The baby's father, David M.R., was released after serving a 15-year sentence. He was one of the perpetrators of the murder of Hugo Sáez, a 27-year-old resident of Cullera. The crime, which shocked the Valencian Community, occurred on May 20, 2008.
According to the trial, the victim went to David's home to sell him cocaine. Carlos S., another regular consumer, was also present. At one point, both attacked Hugo with extreme violence. First, they hit him with a blunt object, then stabbed him to death. The autopsy revealed 44 wounds distributed all over the body, including fatal injuries to the neck that severed the carotid artery.
After the crime, the attackers wrapped the body in a sheet, tied it with adhesive tape, and transported it in a borrowed van. On the left bank of the Júcar River, downstream from the Cullera weir, they threw the body into the water with a butane cylinder tied to the feet to prevent it from floating.
However, the plan failed. A friend of the victim walking in the area saw the cylinder and, pulling the rope, discovered the body. The Provincial Court of Valencia sentenced Maje's baby's father and his accomplice to 15 years in prison for homicide with the aggravating factor of abuse of superiority.
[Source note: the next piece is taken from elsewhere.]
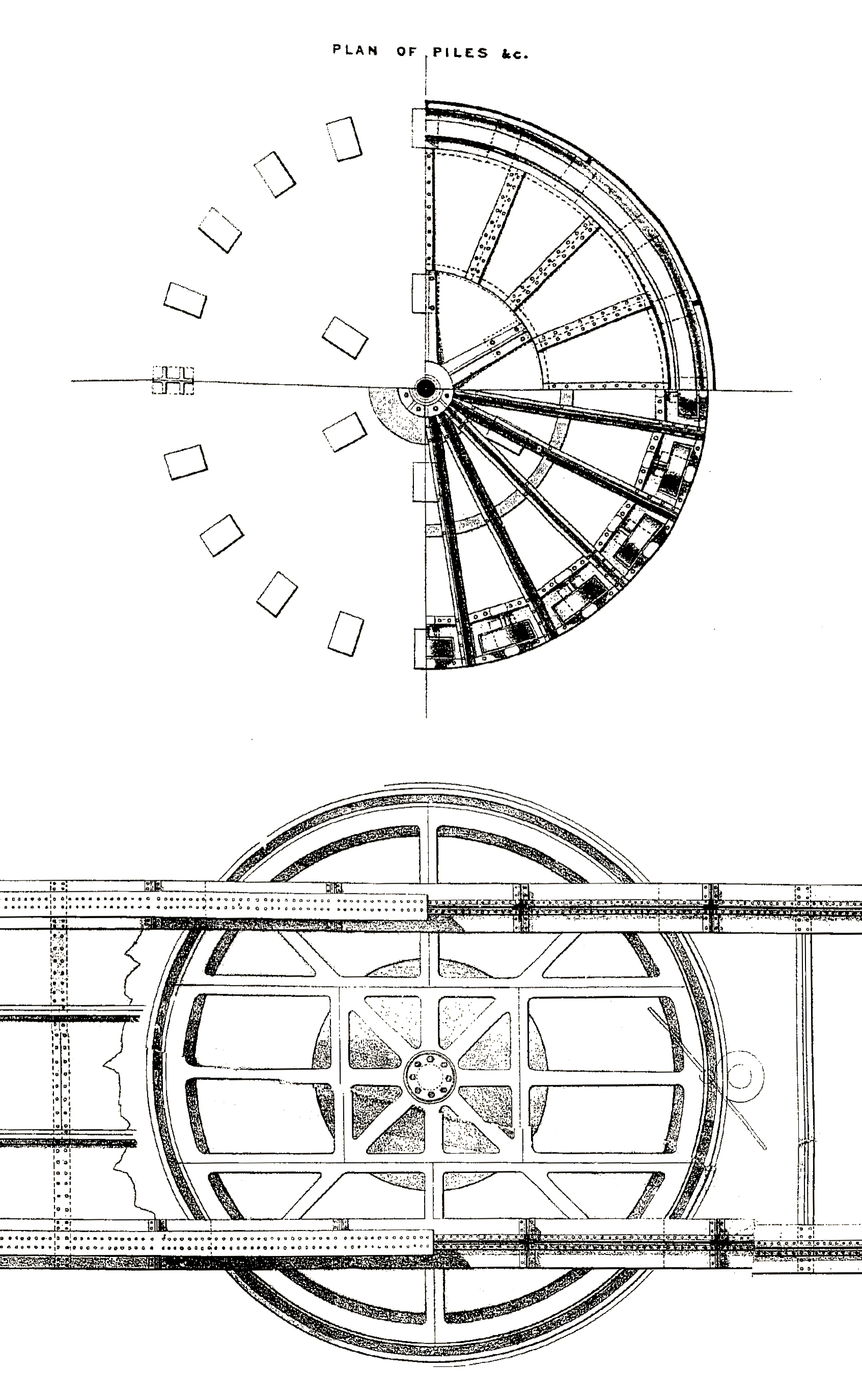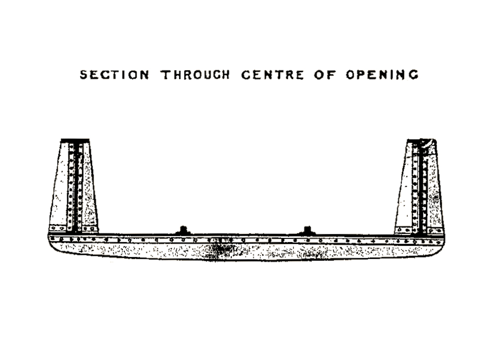 This was the original wrought iron railway swing bridge, erected by Thomas Cabry in 1853, to carry the Victoria, or East Dock, Railway over the River Hull from Sculcoates in the west to Wilmington in the east, destined for the eastern docks in Hull (Engineering, 1908).

The Mothers' Unit of Fontcalent
The facilities of the Irene Villa Mothers' Unit, inaugurated in 2020, currently house more than fifteen inmates and ten children, according to the latest data provided by Penitentiary Institutions. There, Maje will serve her sentence until the child turns three.
The innovative unit, the fourth in Spain, is organized in a single two-story building that houses a residential area composed of 32 rooms. Among them, one is adapted for people with reduced mobility and two are double, specifically designed for a pregnant woman and another mother living with her child.
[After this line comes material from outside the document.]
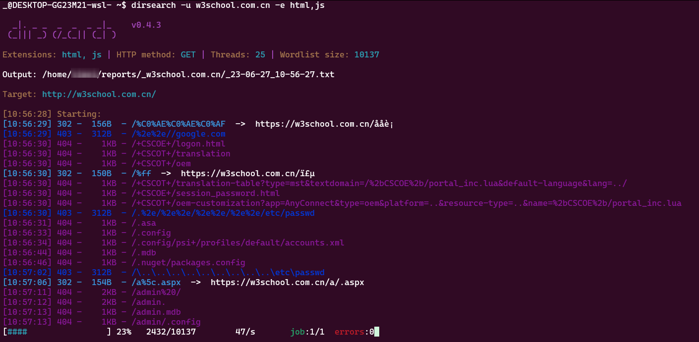 dirsearch -u w3school.com.cn -e html,js

Each room offers 22 square meters distributed in a small living-dining room, kitchen area, bedroom, and private bathroom. The space is equipped to promote coexistence between inmates and their children in an environment as non-institutional as possible. In addition to furniture adapted to different childhood stages, the unit has play areas, classrooms, workshops for children, as well as areas for health care, social assistance, and administration.
In the Alicante prison, 'the Black Widow of Patraix' lives much closer to her family, who still reside in Novelda. Her parents, Antonio and María Dolores, visit her weekly, as confirmed by locals a week ago. "She is doing well, facing life as she can," Maje's mother briefly assessed a week ago. The child she lives with in the Mothers' Unit will turn two next July.